NEW YORK (Reuters) – Companies across a range of industries are slashing or suspending dividends to cope with the economic fallout from the coronavirus outbreak, complicating the stock selection process for money managers eager to buttress their portfolios with a steady stream of income.
The past week’s plunge in oil prices has potentially accelerated that process, raising concerns about the rock-steady dividends of companies such as Exxon Mobil (XOM.N) and Chevron Corp (CVX.N), which are set to report results on Friday, May 1.
The S&P 500 dividend aristocrats index .SPDAUDT, which tracks companies that have increased dividends annually for the past 25 years and includes Exxon and Chevron, has fallen about 19% so far in 2020 as of Thursday, greater than the 12.9% drop over that time for the S&P 500 total return index .SPXTR.
That’s bad news for yield-thirsty investors at a time when payouts on U.S Treasuries stand near historic lows as the Federal Reserve keeps interest rates in check to stimulate the economy. The S&P 500’s dividend yield recently exceeded the yield on the benchmark 10-year U.S. Treasury US10YT=RR by its highest margin in nearly five decades.
“In times like these, financial strength and dividends are two of the critical components in making your investment selections,” said Alan Lancz, president of investment advisory firm Alan B. Lancz & Associates Inc. “It’s not just the dividend yield, but the sustainability of that dividend.”
Lancz added to positions in stocks such as UPS (UPS.N), Cisco (CSCO.O) and Merck (MRK.N) during the market’s swoon, in part because of those companies’ financial strength and dividends.

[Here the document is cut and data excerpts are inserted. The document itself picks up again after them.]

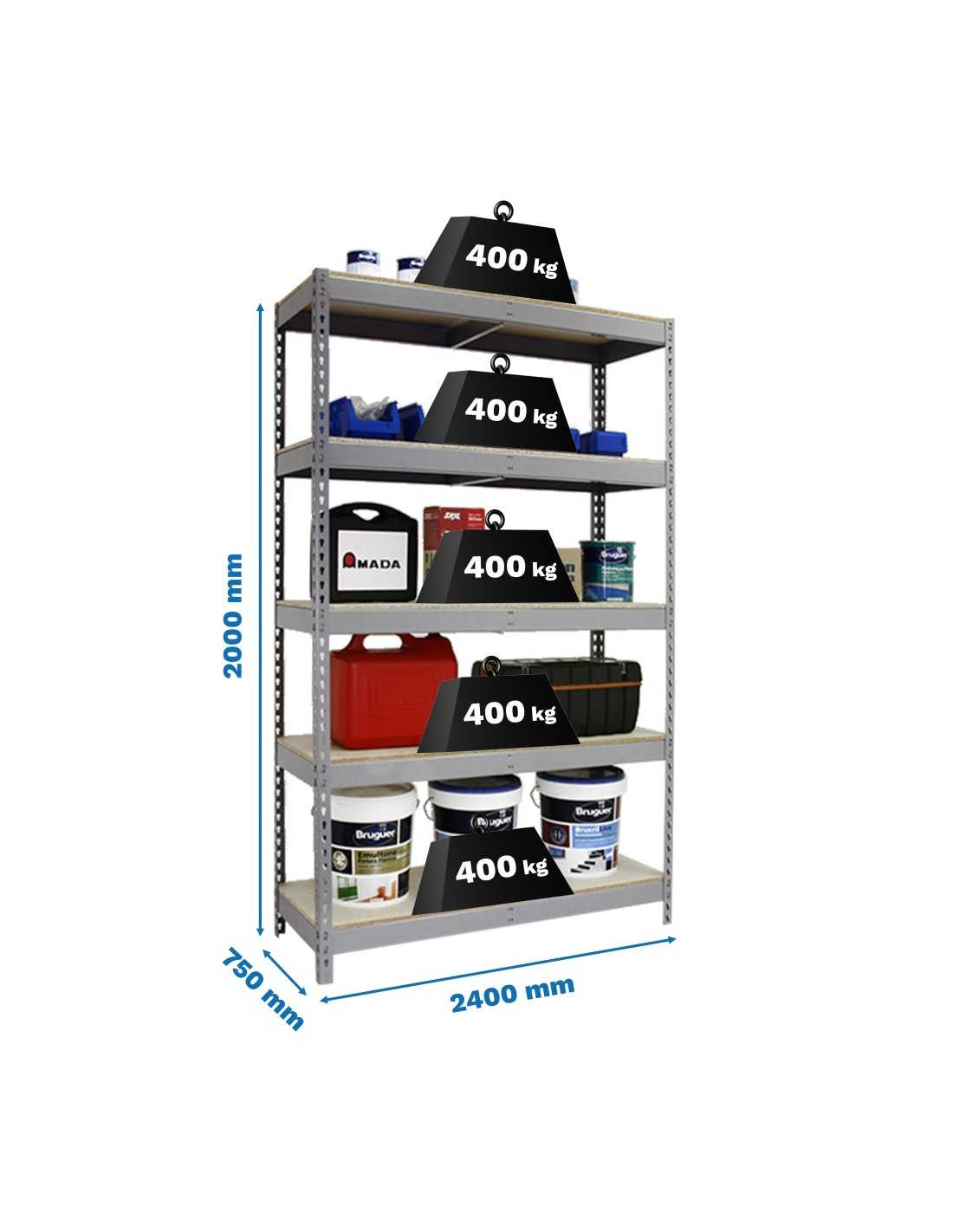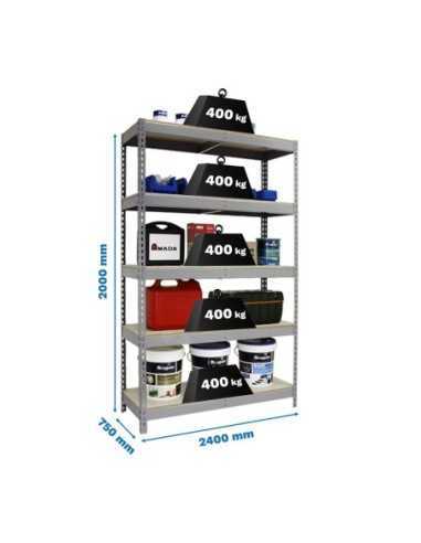 Estantería metálica sin tornillos de color gris/madera con capacidad de carga por estante de 400 kg. Ideal para taller. Tiene 5 alturas y 10 aglomerados, 2 por altura, uno más largo que el otro. Incluye 2 refuerzos por altura. Las medidas (alto x ancho x fondo) son 2000x2400x750 mm. Producto español, calidad europea, podrás encontrar las intrucciones de montaje en su interior o en este enlace: https://www.youtube.com/watch?v=whcjwzku_y0 . Medidas en uso del producto: 1975x2410x760 mm
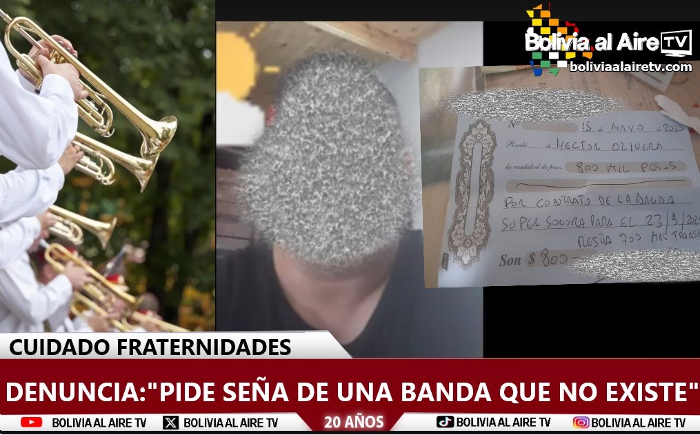 Se trata de la señora Pamela Flores, pasante de la fiesta Virgen de Urkupiña quien en contacto con Bolivia Al Aire TV denunció públicamente que el individuo de nombre Cristian B. Le cobró $800.000 pesos parte de una seña por el servicio de la Banda «Super Sonora» para el mes de agosto, pero nunca aparecieron.
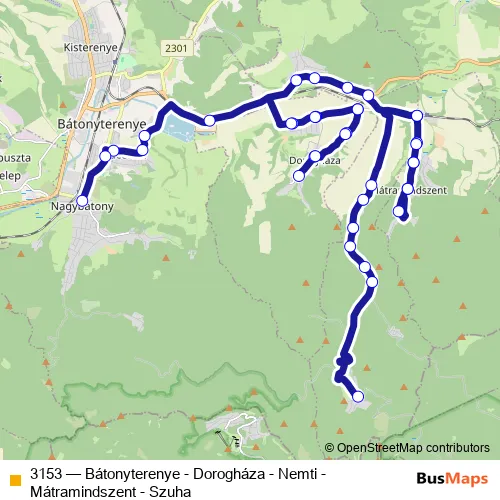 The first stop of the 3153 bus route is Szuha (Mátraalmás), Fő tér and the last stop is Bátonyterenye-Nagybátony, Ózdi út 10.. 3153 (Bátonyterenye - Dorogháza - Nemti - Mátramindszent - Szuha) is operational during on weekdays.
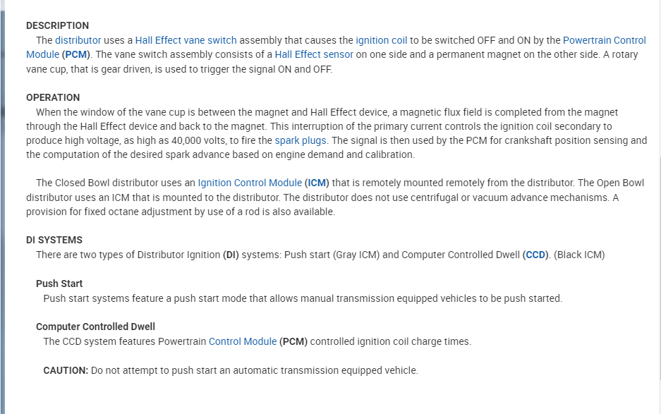 If you take a look at the attached documents, it will explain how this system works. If we can confirm that there is no spark then we know we are on the right path. Please pay particular attention to the statement where it says the distributor has a Hall Effect switch that controls the coil. These hall effect sensors and switches have a propensity to fail when they get hot. Normally this is found with crank sensors as they are hall effect as well but your truck does not have a crank sensor but it does have this switch.

(GRAPHIC: Dividends dropping – here)
Investors have been particularly focused on the energy patch, where a tumble in oil to negative territory for the first time has pressured a broad range of companies.
Norway’s Equinor (EQNR.OL) said on Thursday it was cutting its quarterly dividend by two-thirds as part of an effort to preserve cash, while oil services firm Schlumberger NV (SLB.N) earlier this month slashed its dividend by 75%.
Exxon’s dividend yield of 8% and Chevron’s of 5.9% are the second- and third-biggest in the Dow Jones Industrial Average .DJI behind only chemical company Dow Inc’s (DOW.N) 8.6%, according to Refinitiv data.
Morningstar equity analyst Allen Good said investors are more concerned about Exxon and Chevron’s dividends than in the past but payouts appeared to be safe for now. Debt levels for both companies remain relatively low while dividends “sit high in the financial priorities list” for management, he said.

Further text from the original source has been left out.